▶ [WHAT TO WORK ON]:
Below are entries; repeat exactly, and nothing else, the lines from the one holding "最让人感动的一幕发生在学院路" through the one holding "একটি জাতির জন্ম’", inclusive. Leave the pictures out.

▶ [TASK INPUTS]:
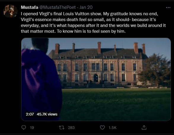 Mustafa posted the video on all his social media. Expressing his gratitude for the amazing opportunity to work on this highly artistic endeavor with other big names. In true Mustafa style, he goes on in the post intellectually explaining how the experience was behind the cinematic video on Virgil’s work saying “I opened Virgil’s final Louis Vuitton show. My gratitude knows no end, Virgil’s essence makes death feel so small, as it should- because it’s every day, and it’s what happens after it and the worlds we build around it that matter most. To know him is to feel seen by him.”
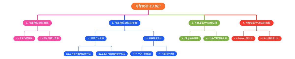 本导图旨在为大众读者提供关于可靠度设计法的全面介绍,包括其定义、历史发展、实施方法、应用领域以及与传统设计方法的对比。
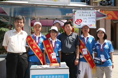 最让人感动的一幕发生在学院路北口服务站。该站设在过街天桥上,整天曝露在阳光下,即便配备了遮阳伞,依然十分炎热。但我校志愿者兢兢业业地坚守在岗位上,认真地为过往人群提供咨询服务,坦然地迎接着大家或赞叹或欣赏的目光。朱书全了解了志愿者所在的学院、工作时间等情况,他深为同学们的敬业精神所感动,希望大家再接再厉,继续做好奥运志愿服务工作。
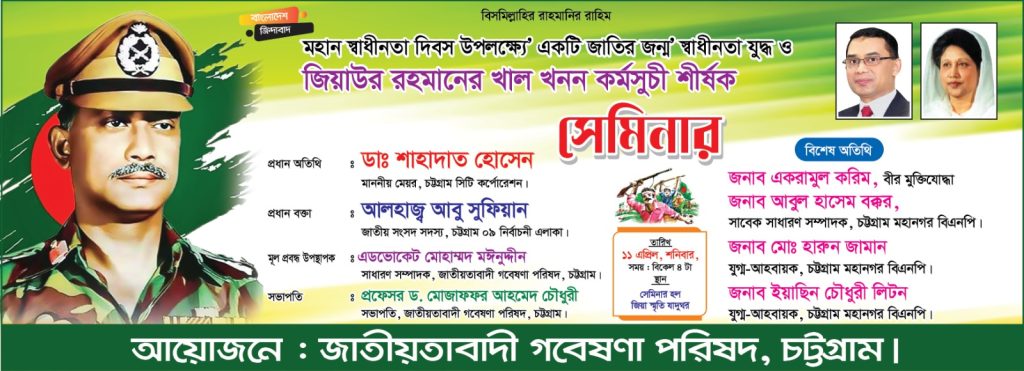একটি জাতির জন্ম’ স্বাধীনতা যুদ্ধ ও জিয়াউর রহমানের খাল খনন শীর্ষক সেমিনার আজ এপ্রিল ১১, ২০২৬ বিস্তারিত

...

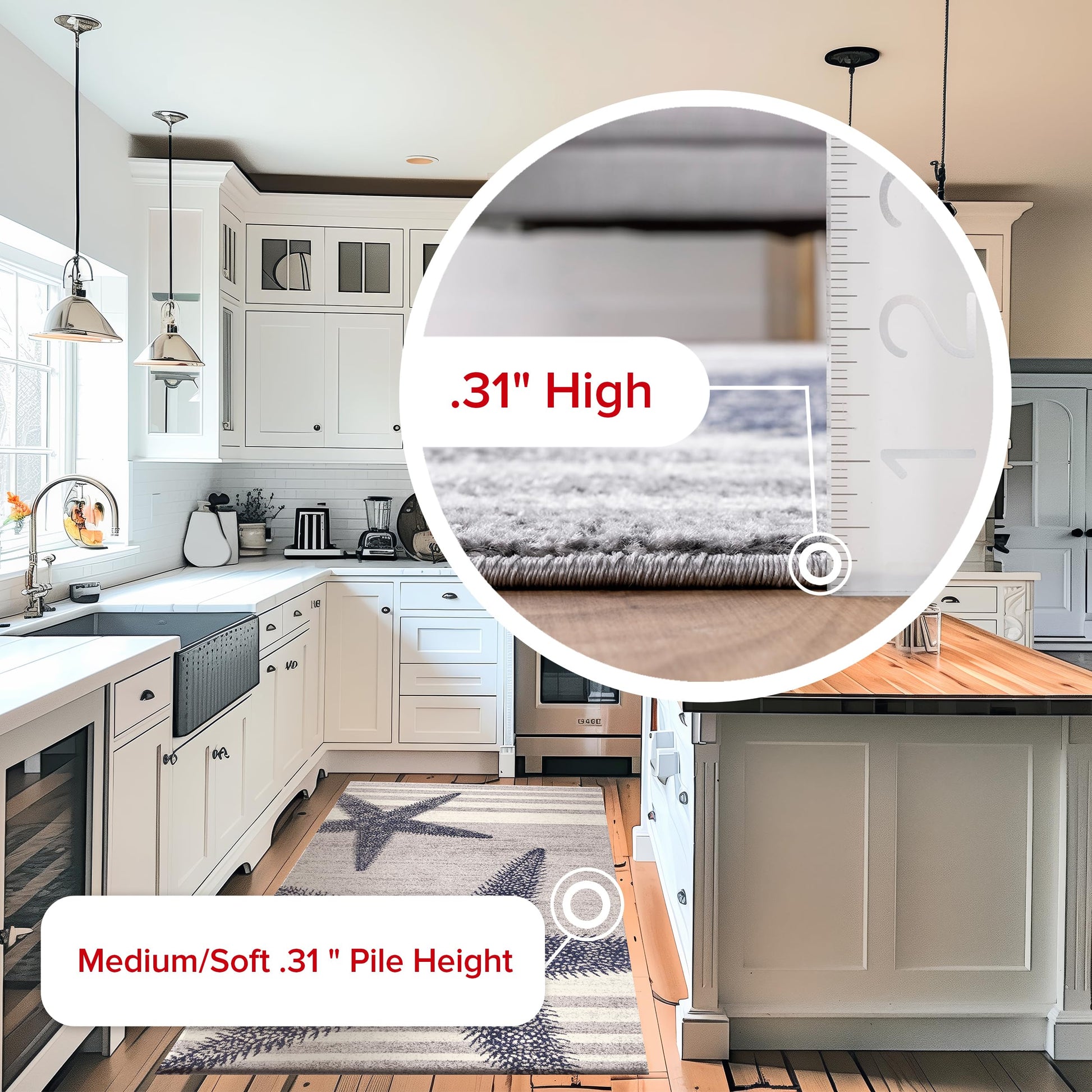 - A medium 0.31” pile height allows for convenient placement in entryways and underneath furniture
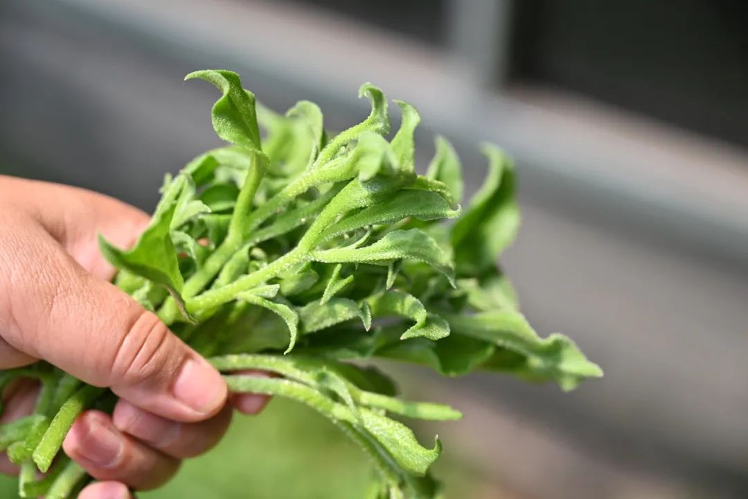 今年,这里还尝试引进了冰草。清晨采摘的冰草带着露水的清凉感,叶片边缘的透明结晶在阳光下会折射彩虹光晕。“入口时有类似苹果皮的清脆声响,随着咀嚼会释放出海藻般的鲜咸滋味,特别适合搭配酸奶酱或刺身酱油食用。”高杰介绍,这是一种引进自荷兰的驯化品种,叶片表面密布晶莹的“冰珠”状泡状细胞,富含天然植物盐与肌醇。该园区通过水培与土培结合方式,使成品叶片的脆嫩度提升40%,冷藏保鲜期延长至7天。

==

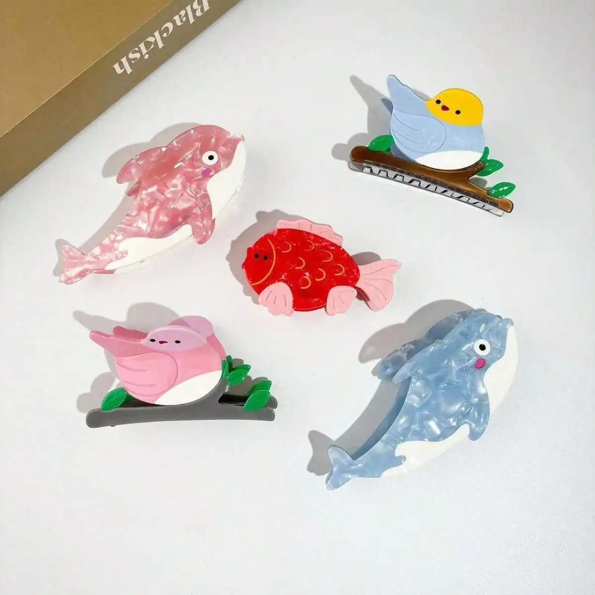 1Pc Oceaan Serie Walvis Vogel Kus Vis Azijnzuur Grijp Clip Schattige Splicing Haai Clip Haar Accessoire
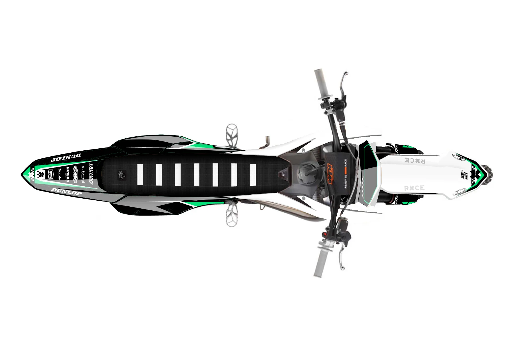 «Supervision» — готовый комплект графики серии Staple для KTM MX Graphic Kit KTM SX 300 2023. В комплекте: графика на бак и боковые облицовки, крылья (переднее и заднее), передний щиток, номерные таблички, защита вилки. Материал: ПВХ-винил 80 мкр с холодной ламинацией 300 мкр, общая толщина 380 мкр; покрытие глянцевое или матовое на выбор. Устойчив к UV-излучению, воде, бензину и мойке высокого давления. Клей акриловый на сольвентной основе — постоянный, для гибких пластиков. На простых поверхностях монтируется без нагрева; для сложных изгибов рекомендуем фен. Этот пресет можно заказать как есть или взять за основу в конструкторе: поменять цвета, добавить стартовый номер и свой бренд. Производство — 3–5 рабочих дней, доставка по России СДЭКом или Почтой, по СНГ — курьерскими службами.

▶ [WRITTEN SOLUTION]:
 最让人感动的一幕发生在学院路北口服务站。该站设在过街天桥上,整天曝露在阳光下,即便配备了遮阳伞,依然十分炎热。但我校志愿者兢兢业业地坚守在岗位上,认真地为过往人群提供咨询服务,坦然地迎接着大家或赞叹或欣赏的目光。朱书全了解了志愿者所在的学院、工作时间等情况,他深为同学们的敬业精神所感动,希望大家再接再厉,继续做好奥运志愿服务工作。
একটি জাতির জন্ম’ স্বাধীনতা যুদ্ধ ও জিয়াউর রহমানের খাল খনন শীর্ষক সেমিনার আজ এপ্রিল ১১, ২০২৬ বিস্তারিত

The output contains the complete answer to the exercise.